Honors Week: Unveiling Key Insights on War Timing in Power Transition Theory

LEXINGTON, Va. May 20, 2024  —  Devin Thomas ’24 presented insights into his honors thesis, “War Onset Power Transition Theory.” His findings included that wars are likely during phases of relative parity and both before and after power transitions. Devin Thomas ’24 presented insights into his honors thesis, “War Onset Power Transition Theory.”

The power transition theory appealed to Thomas due to its focus on power dynamics and systemic changes, which have significant implications for international relations at various levels. Thomas initially encountered power transition theory in a Theories on War and Peace class with Col. J. Patrick Rhamey, professor of international studies, during his 3rd Class year. Rhamey eventually became Thomas' academic advisor for his senior thesis presentation for Virginia Military Institute's Honors Week. 

Thomas became intrigued by the question of when wars are most likely to occur within the context of power transition theory. He noticed a gap in his academic literature regarding the specific timing of war onset before or after power transitions.  

"When I was doing my initial research, fall of my 2nd Class year, this is what I was looking at,” explained Thomas. "It's like trying to find a question within power transition theory and the question became no one's really tackled this question of when is war most likely under it." 

Thomas recognized the practical implications of understanding power transitions and war onset and saw the research topic as important for policymakers and those involved in foreign relations.  

This relevance fueled Thomas' interest in exploring the subject deeper.
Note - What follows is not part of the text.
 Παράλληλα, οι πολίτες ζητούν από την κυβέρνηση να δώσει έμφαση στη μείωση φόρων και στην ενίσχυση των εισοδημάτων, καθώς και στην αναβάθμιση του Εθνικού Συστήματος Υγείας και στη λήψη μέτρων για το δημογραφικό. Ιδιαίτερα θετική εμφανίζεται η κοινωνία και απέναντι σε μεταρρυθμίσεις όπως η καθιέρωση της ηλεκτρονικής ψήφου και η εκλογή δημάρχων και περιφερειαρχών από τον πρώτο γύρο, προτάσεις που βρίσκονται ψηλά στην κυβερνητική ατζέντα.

Drawing from his academic background, he integrated insights from various theories, including realism, liberalism, and constructivism, to develop a comprehensive framework. 

Collaborating with Rhamey, Thomas identified two causal mechanisms for his research: perception and misperception in international politics, inspired by Robert Jervis's work, and the concept of time horizons, drawn from David Edelstein's research.  
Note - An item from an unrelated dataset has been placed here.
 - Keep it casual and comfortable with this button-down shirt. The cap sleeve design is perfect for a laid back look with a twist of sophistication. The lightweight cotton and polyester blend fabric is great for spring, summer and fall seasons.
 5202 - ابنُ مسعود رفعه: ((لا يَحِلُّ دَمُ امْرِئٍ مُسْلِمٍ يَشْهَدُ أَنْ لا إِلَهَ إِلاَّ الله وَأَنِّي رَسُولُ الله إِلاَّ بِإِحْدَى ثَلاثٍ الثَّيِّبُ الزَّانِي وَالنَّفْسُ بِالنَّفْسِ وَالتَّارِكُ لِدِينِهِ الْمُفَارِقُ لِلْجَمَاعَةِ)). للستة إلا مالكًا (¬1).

During the following semesters, Thomas engaged in extensive literature review, theoretical development, and methodological training, culminating in both quantitative analysis and qualitative case study work. 

Thomas elected rigorous coursework like an International Studies Research Design class, which equipped him with the necessary skills for research design and execution leading up to his culminating presentation during his last year at VMI. 

He collected various datasets pertinent to his research question, encompassing gross domestic product, state capacity, militarized interstate disputes, and United Nations General Assembly 
voting similarity. Employing a blend of quantitative analysis techniques and qualitative research methods, Thomas analyzed the data, using techniques such as interactive logic regression to scrutinize his hypothesis quantitatively.  

“Beyond demonstrating research excellence in the scientific study of international politics, Cadet Thomas’ research also has clear policy implications that allow government to anticipate the timing of conflicts globally,” said Rhamey. “I directed Cadet Thomas to relevant research on his topic to help him develop his project into one that was both targeted to a specific research question and accomplishable within the limited time frame of Institute Honors.” 

"The international studies department does a great job of wrapping it all in and allowing you the most time possible to work on your thesis," said Thomas. "He was having me do a lot of research because the foundation of power transition theory, the two independent variables, are the reaching parity and the dissatisfaction of the rising challenger. But that doesn't really get to the question of the timing and the why for the timing."  

Thomas said his research has helped him understand how the political world operates, mainly through the lens of power transition theory, which examines wars with systemic consequences.  

"I think I've gained a much greater understanding for, in a pragmatic sense especially, how the political world works," Thomas said.  

Thomas said this experience has not only deepened his academic insights but also influenced his career trajectory, steering him to pursue military intelligence and strategic analysis roles after graduation, where he can apply his knowledge to current international issues.